**Activity**
Print the lines that run from the line with "蓝色光轨车轨科技概念抽象配图" to the line with "2点取れば3点を返される。波", keeping both end lines, exactly as they appear in the entries below, and nothing else.

━━━━━━

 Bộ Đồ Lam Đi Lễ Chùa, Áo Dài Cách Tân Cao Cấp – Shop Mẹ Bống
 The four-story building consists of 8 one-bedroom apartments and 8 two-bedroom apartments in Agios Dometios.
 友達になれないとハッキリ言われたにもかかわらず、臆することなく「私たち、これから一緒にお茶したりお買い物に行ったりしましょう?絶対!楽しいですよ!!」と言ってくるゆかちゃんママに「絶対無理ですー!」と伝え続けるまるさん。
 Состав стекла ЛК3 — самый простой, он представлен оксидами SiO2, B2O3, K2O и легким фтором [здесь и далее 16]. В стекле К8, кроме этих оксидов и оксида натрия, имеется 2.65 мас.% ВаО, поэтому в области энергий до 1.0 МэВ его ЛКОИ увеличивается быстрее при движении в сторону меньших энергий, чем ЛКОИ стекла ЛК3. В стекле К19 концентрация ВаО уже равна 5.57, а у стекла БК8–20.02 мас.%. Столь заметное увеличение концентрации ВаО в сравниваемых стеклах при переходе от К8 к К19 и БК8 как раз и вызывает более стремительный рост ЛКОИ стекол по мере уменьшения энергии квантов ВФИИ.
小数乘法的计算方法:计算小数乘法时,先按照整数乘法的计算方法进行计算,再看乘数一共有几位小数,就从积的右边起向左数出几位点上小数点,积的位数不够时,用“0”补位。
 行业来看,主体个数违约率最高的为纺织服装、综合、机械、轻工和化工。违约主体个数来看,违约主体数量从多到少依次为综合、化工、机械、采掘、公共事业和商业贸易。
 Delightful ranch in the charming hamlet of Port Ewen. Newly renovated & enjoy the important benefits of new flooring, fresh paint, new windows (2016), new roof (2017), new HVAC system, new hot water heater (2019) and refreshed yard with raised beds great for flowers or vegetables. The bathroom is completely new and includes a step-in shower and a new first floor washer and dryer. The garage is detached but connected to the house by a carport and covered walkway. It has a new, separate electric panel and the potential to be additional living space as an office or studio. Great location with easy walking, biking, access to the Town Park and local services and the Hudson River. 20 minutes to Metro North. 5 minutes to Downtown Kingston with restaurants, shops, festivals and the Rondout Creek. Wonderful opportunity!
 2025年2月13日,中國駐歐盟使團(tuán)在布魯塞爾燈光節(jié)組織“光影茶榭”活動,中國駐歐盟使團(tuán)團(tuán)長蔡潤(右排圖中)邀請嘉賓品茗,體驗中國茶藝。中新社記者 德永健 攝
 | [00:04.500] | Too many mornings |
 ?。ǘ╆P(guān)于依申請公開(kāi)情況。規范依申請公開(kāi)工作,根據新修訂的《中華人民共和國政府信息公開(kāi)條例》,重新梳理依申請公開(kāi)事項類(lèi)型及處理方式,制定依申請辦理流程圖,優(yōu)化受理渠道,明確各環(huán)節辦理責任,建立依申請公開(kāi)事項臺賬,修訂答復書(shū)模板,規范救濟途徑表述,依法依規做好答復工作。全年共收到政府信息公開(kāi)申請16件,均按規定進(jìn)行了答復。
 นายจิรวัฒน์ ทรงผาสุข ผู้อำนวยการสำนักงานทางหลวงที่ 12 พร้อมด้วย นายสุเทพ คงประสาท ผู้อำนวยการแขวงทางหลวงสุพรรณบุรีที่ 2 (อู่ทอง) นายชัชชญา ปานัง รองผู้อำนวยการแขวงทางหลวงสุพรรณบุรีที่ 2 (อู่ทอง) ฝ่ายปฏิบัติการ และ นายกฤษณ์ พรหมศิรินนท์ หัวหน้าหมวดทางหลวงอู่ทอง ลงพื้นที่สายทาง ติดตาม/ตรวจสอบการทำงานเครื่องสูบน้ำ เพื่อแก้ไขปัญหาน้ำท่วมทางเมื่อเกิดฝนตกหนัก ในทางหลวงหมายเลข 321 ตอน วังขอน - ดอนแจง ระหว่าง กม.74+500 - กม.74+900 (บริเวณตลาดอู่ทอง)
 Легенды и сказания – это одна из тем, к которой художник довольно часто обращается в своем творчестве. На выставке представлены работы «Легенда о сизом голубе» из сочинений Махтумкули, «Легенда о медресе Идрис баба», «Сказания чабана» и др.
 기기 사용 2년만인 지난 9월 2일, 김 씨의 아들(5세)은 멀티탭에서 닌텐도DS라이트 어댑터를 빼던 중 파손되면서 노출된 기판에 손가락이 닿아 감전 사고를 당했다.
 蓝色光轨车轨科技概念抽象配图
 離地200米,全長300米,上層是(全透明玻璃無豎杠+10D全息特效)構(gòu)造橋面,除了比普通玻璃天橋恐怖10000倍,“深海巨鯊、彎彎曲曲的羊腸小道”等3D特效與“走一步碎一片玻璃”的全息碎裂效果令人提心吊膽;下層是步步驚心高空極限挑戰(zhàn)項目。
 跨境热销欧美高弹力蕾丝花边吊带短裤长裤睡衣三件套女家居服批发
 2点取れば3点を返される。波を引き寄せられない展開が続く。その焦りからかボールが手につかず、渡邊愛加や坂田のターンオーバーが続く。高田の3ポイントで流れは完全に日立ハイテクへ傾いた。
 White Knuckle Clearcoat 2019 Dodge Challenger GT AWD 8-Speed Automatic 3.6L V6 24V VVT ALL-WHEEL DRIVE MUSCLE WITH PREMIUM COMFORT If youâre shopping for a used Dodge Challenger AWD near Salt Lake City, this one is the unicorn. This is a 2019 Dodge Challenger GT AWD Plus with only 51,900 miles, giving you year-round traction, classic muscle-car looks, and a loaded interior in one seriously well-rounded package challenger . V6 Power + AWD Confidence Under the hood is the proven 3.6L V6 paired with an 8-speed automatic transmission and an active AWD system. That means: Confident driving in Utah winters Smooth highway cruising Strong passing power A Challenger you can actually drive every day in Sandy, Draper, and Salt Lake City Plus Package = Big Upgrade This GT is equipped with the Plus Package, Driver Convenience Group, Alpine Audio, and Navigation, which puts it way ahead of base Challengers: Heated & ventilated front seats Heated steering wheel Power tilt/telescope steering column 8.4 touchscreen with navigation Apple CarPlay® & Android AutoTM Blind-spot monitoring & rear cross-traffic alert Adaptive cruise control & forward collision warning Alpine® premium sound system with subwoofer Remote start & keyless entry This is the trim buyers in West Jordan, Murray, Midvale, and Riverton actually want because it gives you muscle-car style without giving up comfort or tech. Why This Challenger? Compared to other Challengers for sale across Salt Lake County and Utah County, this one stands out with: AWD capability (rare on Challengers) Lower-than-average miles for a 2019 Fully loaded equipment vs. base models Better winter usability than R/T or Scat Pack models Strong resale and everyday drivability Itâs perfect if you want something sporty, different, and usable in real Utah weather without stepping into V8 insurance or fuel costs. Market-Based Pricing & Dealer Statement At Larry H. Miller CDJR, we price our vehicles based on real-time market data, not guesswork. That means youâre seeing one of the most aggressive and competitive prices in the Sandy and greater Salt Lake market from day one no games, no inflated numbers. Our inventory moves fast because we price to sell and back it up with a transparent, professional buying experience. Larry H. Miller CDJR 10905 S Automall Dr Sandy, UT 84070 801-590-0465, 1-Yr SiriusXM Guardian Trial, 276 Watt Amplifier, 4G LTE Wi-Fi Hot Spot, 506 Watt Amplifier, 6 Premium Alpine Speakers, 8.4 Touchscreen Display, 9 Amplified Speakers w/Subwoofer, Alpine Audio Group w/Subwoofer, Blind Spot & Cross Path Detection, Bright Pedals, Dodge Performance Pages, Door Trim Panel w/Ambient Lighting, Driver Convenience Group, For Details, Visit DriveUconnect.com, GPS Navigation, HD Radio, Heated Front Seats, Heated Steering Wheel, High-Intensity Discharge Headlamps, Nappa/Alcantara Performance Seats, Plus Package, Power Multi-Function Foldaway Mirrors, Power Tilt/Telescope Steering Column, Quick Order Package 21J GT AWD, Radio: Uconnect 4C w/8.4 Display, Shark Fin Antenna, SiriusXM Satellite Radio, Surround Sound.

━━━━━━

**Exercise solution**
 蓝色光轨车轨科技概念抽象配图
 離地200米,全長300米,上層是(全透明玻璃無豎杠+10D全息特效)構(gòu)造橋面,除了比普通玻璃天橋恐怖10000倍,“深海巨鯊、彎彎曲曲的羊腸小道”等3D特效與“走一步碎一片玻璃”的全息碎裂效果令人提心吊膽;下層是步步驚心高空極限挑戰(zhàn)項目。
 跨境热销欧美高弹力蕾丝花边吊带短裤长裤睡衣三件套女家居服批发
 2点取れば3点を返される。波を引き寄せられない展開が続く。その焦りからかボールが手につかず、渡邊愛加や坂田のターンオーバーが続く。高田の3ポイントで流れは完全に日立ハイテクへ傾いた。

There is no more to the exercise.